§ **RECORDS SUPPLIED**
::::::
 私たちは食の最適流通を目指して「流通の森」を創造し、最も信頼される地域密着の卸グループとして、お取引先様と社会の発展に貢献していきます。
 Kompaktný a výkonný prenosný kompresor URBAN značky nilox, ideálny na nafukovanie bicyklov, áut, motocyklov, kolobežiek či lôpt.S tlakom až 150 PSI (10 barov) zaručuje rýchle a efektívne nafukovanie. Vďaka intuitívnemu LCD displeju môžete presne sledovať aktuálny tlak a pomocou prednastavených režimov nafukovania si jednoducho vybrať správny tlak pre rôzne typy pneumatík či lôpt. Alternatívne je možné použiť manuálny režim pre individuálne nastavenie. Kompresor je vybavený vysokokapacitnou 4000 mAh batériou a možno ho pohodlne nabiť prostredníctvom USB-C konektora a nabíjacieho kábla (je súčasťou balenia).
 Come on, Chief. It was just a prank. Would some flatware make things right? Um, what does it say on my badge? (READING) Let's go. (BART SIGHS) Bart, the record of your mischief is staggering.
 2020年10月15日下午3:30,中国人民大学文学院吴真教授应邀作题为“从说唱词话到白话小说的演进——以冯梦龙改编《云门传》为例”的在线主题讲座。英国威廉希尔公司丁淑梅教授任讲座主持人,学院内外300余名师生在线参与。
::::::
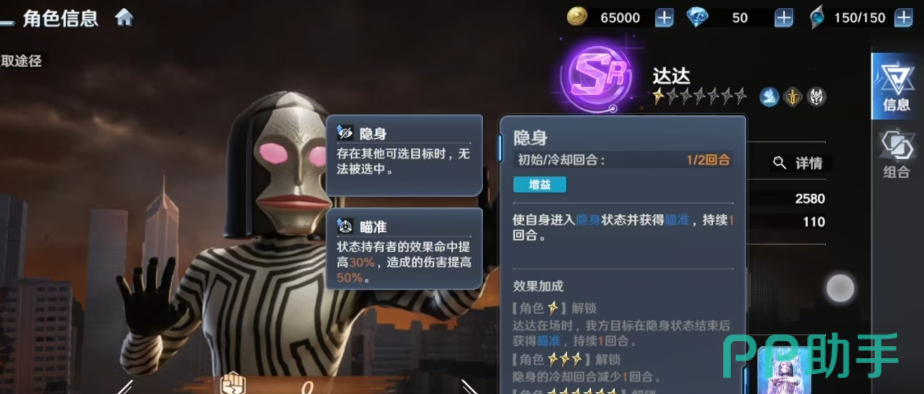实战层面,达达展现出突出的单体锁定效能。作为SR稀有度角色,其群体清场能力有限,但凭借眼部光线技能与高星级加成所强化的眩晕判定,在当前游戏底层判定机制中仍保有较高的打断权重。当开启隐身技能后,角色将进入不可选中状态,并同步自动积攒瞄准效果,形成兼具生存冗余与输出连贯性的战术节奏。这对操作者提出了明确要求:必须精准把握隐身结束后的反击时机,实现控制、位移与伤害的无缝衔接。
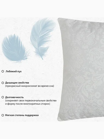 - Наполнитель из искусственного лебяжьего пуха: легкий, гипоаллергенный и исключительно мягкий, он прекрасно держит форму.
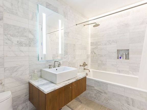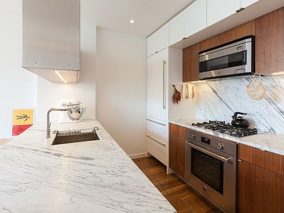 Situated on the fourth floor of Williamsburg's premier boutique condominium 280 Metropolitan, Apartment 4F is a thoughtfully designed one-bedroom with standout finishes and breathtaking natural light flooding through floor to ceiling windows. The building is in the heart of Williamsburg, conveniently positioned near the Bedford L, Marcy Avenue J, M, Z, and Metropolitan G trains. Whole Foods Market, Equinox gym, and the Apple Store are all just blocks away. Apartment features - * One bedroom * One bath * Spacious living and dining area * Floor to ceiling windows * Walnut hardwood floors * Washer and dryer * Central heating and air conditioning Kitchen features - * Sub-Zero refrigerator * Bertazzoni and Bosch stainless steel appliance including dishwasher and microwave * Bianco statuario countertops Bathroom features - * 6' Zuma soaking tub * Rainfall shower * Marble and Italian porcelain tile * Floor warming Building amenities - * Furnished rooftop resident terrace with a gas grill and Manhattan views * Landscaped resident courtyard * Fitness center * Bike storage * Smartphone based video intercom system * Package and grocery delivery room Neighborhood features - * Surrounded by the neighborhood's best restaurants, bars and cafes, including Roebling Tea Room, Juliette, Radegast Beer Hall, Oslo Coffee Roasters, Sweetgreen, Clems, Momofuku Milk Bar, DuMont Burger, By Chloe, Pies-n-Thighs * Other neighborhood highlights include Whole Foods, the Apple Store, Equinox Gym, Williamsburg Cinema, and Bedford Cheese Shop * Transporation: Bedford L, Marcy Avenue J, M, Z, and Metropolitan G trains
::::::
§ **TASK**
Reproduce, word for word and in full, only the lines above that start at the line with "Come on, Chief." and run through the line with "2020年10月15日下午3", both ends included.

§ **REPLY TO THE TASK**
 Come on, Chief. It was just a prank. Would some flatware make things right? Um, what does it say on my badge? (READING) Let's go. (BART SIGHS) Bart, the record of your mischief is staggering.
 2020年10月15日下午3:30,中国人民大学文学院吴真教授应邀作题为“从说唱词话到白话小说的演进——以冯梦龙改编《云门传》为例”的在线主题讲座。英国威廉希尔公司丁淑梅教授任讲座主持人,学院内外300余名师生在线参与。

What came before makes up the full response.